(Data excerpts)
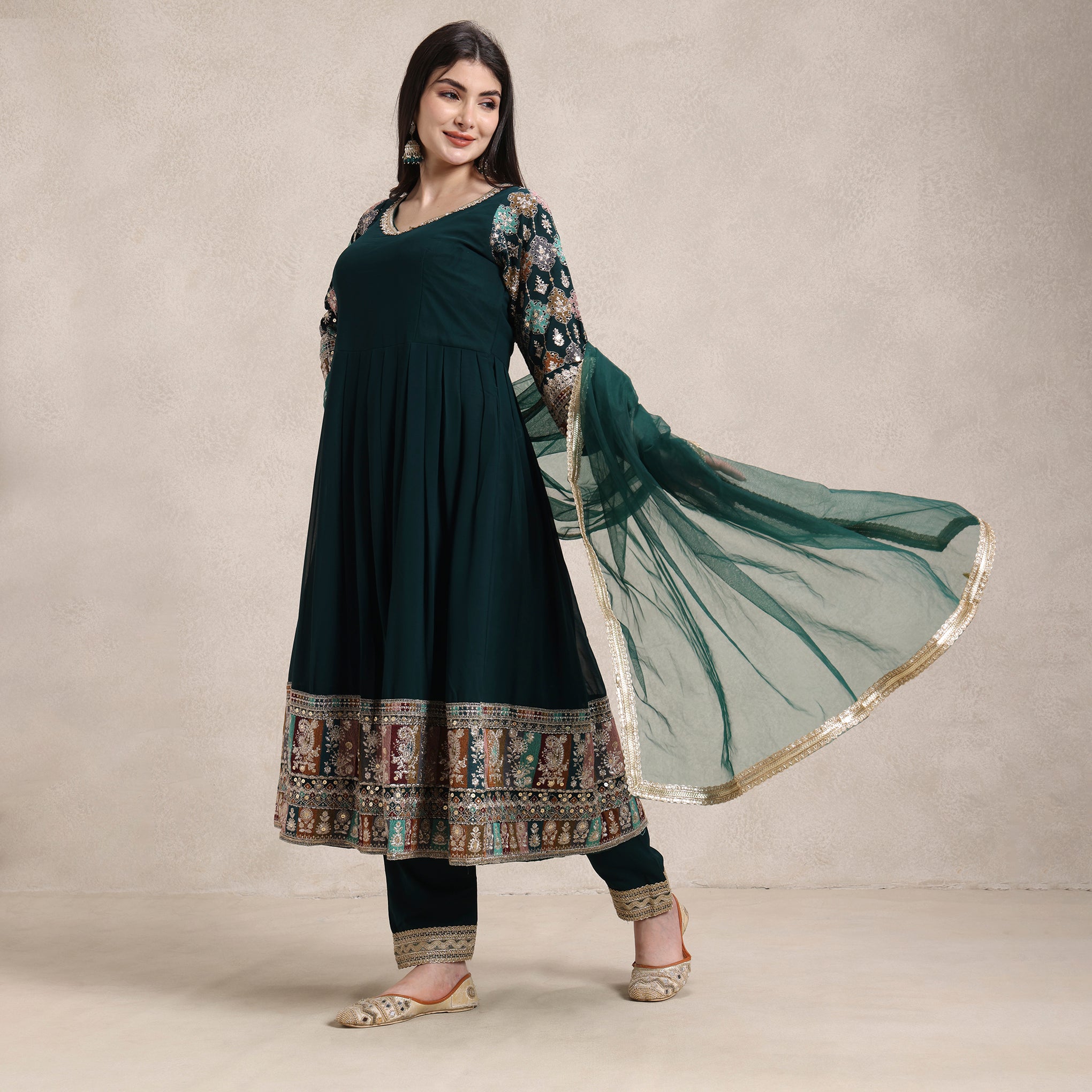 A wedding guest Anarkali with multi embroidery borders and sleeve detailing for modern elegance, and a travel friendly georgette Anarkali set with four side lace dupatta that steams back to perfection.
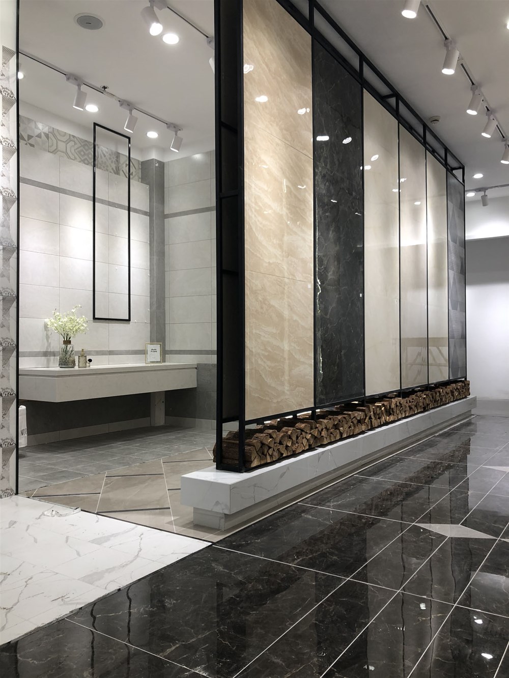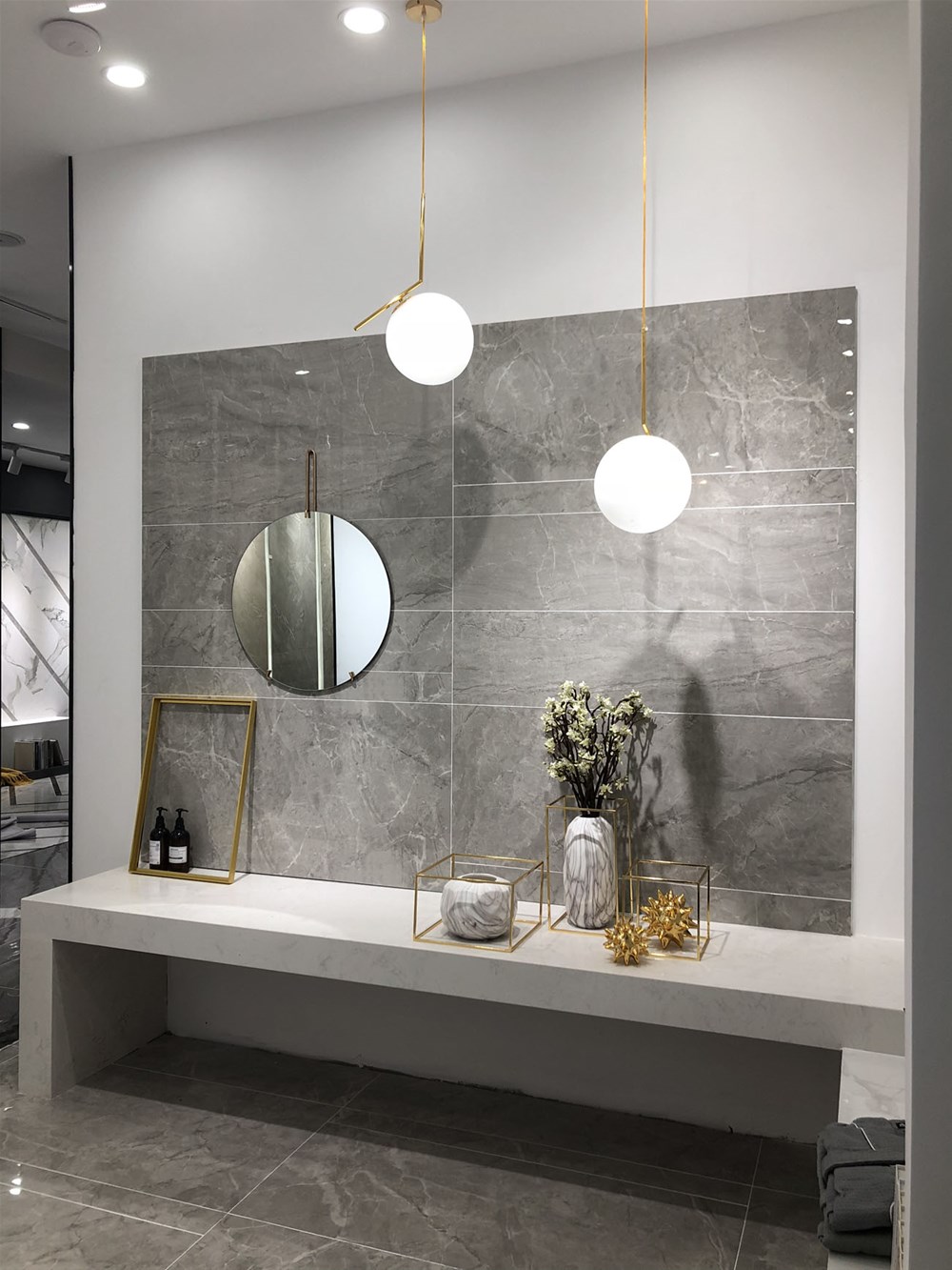 这是香蕉APP直播陶浙江湖州青春馆的形象台和形象墙,上图由灰色九面通体大理石铺贴的前台背景墙,可作电视背景墙和客厅地砖铺贴使用。
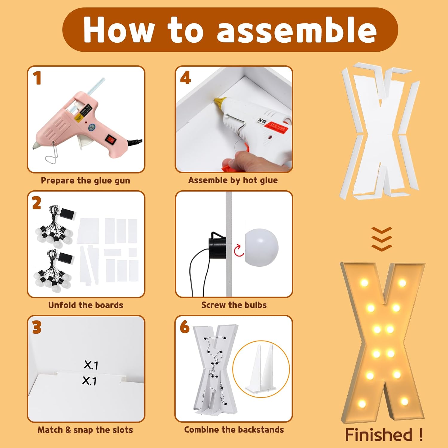 • Need to Assemble: 4 ft marquee letters are pre-cut frame with slots, 1) Match the slots on the board and put all boards together by hot glue; 2) Screw the bulbs on the board and install 3 AA batteries
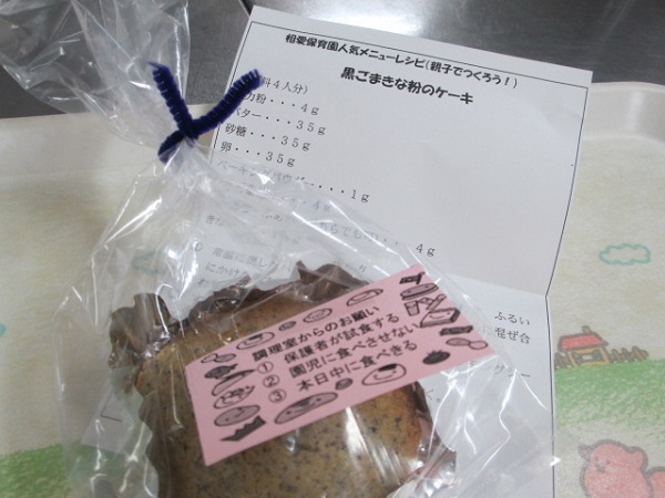 2018年02月01日 おやつの試食保育園の手作りおやつを、ご希望の保護者の方に毎月試食して頂いております。この日は「黒ごまきな粉のケーキ」でした。2月23日は「骨ほねドーナツ」を予定しております。玄関横にある申し込み用紙に記入していただき、回収ボックスにご提出下さい。お迎え時に試食とレシピをお渡し致します。
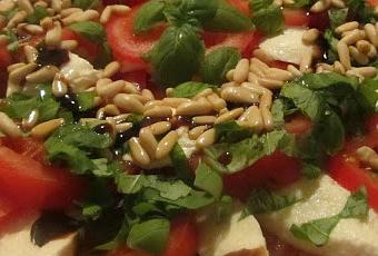 La ensalada Caprese es una de las recetas más fácil y rápida de preparar que conozco y que además está deliciosa. Se trata de una sencilla receta de ensalada cuyos ingredientes básicos son el queso mozzarella fresca, el tomate, la albahaca fresca (de la variedad hoja grande) y aceite de oliva virgen. Es un plato delicioso y muy vistoso, pues los colores de los ingredientes originales nos recuerdan a los de la bandera italiana, país de donde es originaria –concretamente de Capri- (el rojo del tomate, el verde de la albahaca y el blanco de la mozzarella). A partir de estos ingredientes que componen la receta tradicional, se le pueden agregar otros muchos dependiendo de nuestros gustos y de nuestra imaginación (pimienta, aceitunas, aguacate…etc). En este caso le he añadido unos piñones tostados y una crema de vinagre balsámico. El resultado ha sido espectacular.
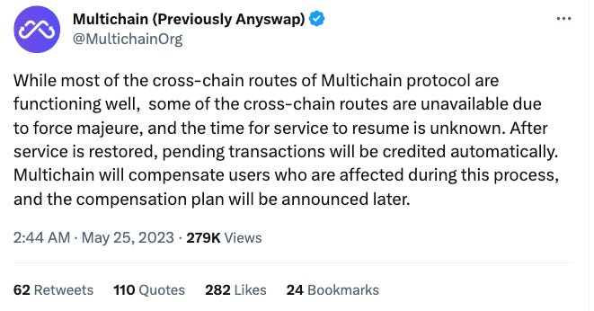 Some bridging routes (Kava、zkSync、Polygon zkEVM) on Multichain are paused and some traders’ funds are stuck on the bridges. There are also unconfirmed rumors of the cofounder's arrest in China and an investor sell-off of its token.
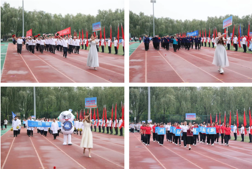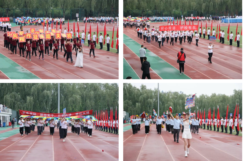 Teachers and student athletes from various colleges and sub - unions, dressed in clothing that highlighted their professional characteristics, passed the rostrum in turn with high - spirited postures.
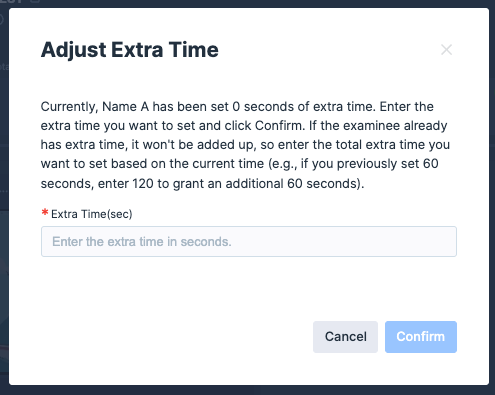 Enter the extra time in seconds, then click Confirm. For example, to give an additional 5 minutes, enter “300”.
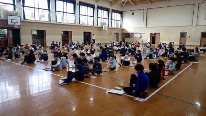 今日の1校時に、体育館で「たてわりタイム」を行いました。
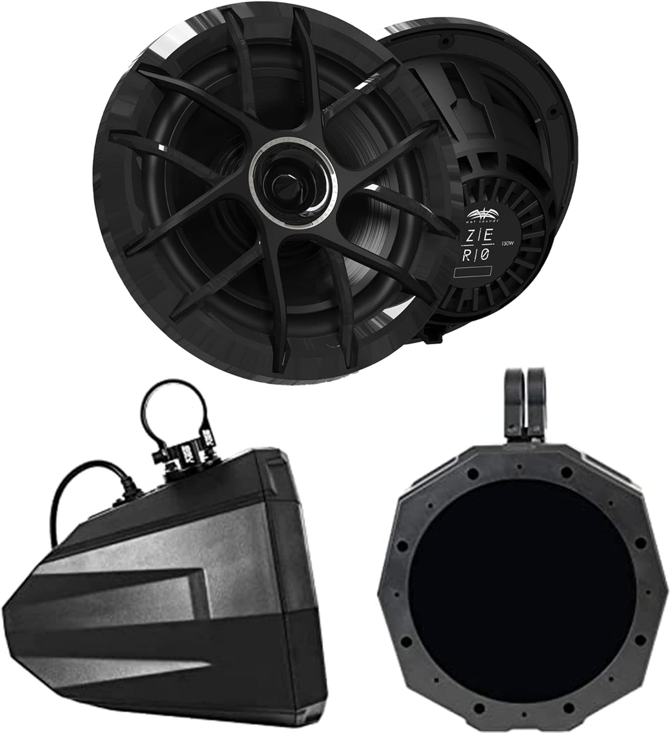 wet sounds ZERO-8-XZ-B-B Refurbished Black 8" Neodymium Powersport & Marine Speakers with Horn-Loaded Titanium Tweeters, Pair with SSV Works US2-C8U-150 Universal Cage Mount 8” Speaker

Work instruction: Leaving out each picture, repeat exactly the lines above from the one that contains "这是香蕉APP直播陶浙江湖州" through the one that contains "2018年02月01日 おや".

Worked solution:
 这是香蕉APP直播陶浙江湖州青春馆的形象台和形象墙,上图由灰色九面通体大理石铺贴的前台背景墙,可作电视背景墙和客厅地砖铺贴使用。
 • Need to Assemble: 4 ft marquee letters are pre-cut frame with slots, 1) Match the slots on the board and put all boards together by hot glue; 2) Screw the bulbs on the board and install 3 AA batteries
 2018年02月01日 おやつの試食保育園の手作りおやつを、ご希望の保護者の方に毎月試食して頂いております。この日は「黒ごまきな粉のケーキ」でした。2月23日は「骨ほねドーナツ」を予定しております。玄関横にある申し込み用紙に記入していただき、回収ボックスにご提出下さい。お迎え時に試食とレシピをお渡し致します。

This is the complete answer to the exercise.